PROBLEM
In the entries that follow, find the line containing "Waffen SS Galicia."; from there, copy every line exactly through the line containing "After the escalation".

DATA SHOWN
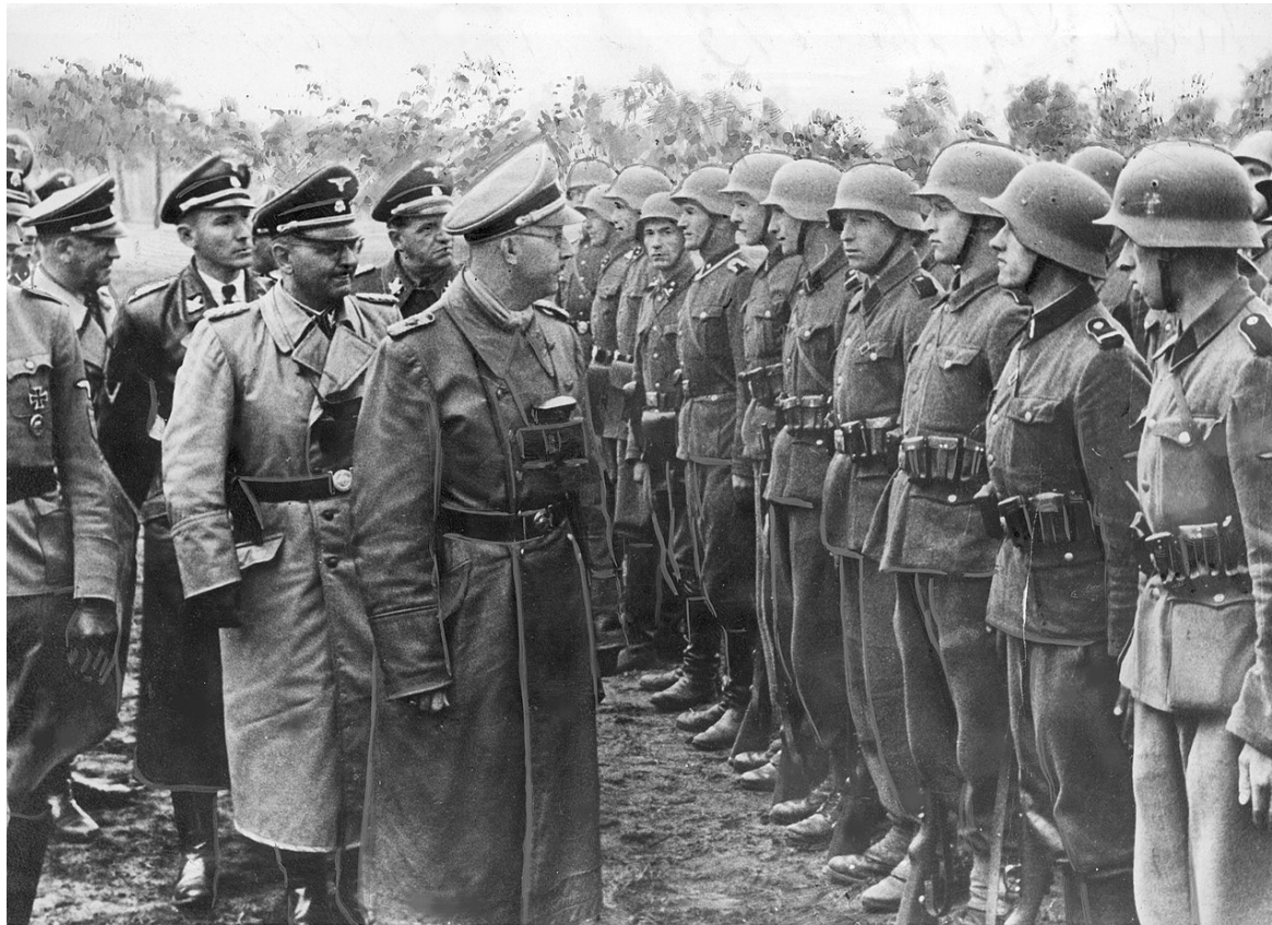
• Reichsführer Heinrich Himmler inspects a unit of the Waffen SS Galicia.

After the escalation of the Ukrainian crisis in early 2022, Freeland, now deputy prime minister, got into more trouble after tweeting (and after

==

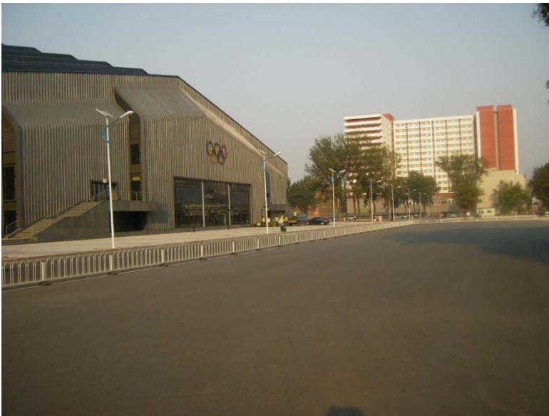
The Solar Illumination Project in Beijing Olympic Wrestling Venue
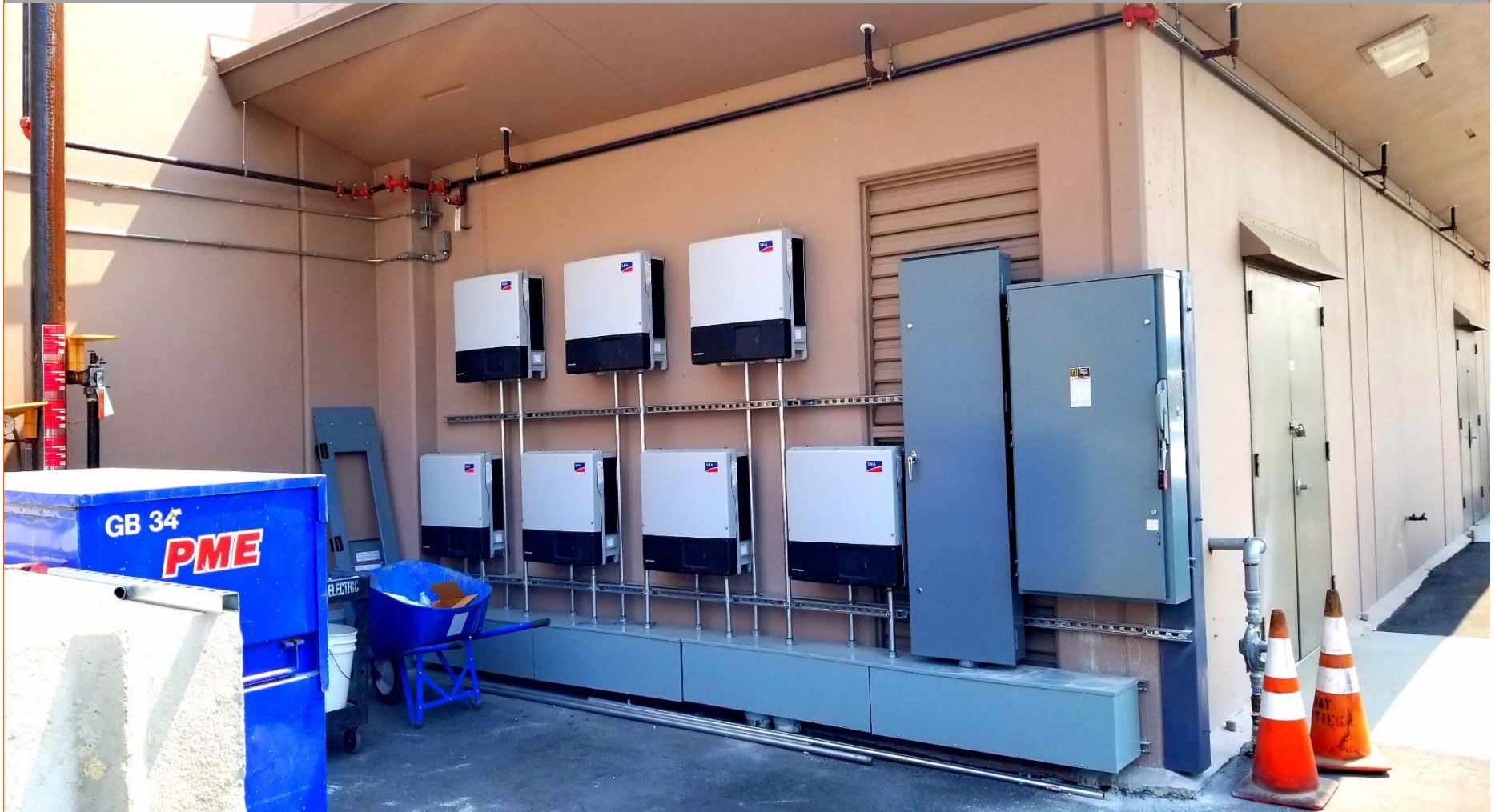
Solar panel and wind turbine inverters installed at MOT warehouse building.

RESULT
• Reichsführer Heinrich Himmler inspects a unit of the Waffen SS Galicia.

After the escalation of the Ukrainian crisis in early 2022, Freeland, now deputy prime minister, got into more trouble after tweeting (and after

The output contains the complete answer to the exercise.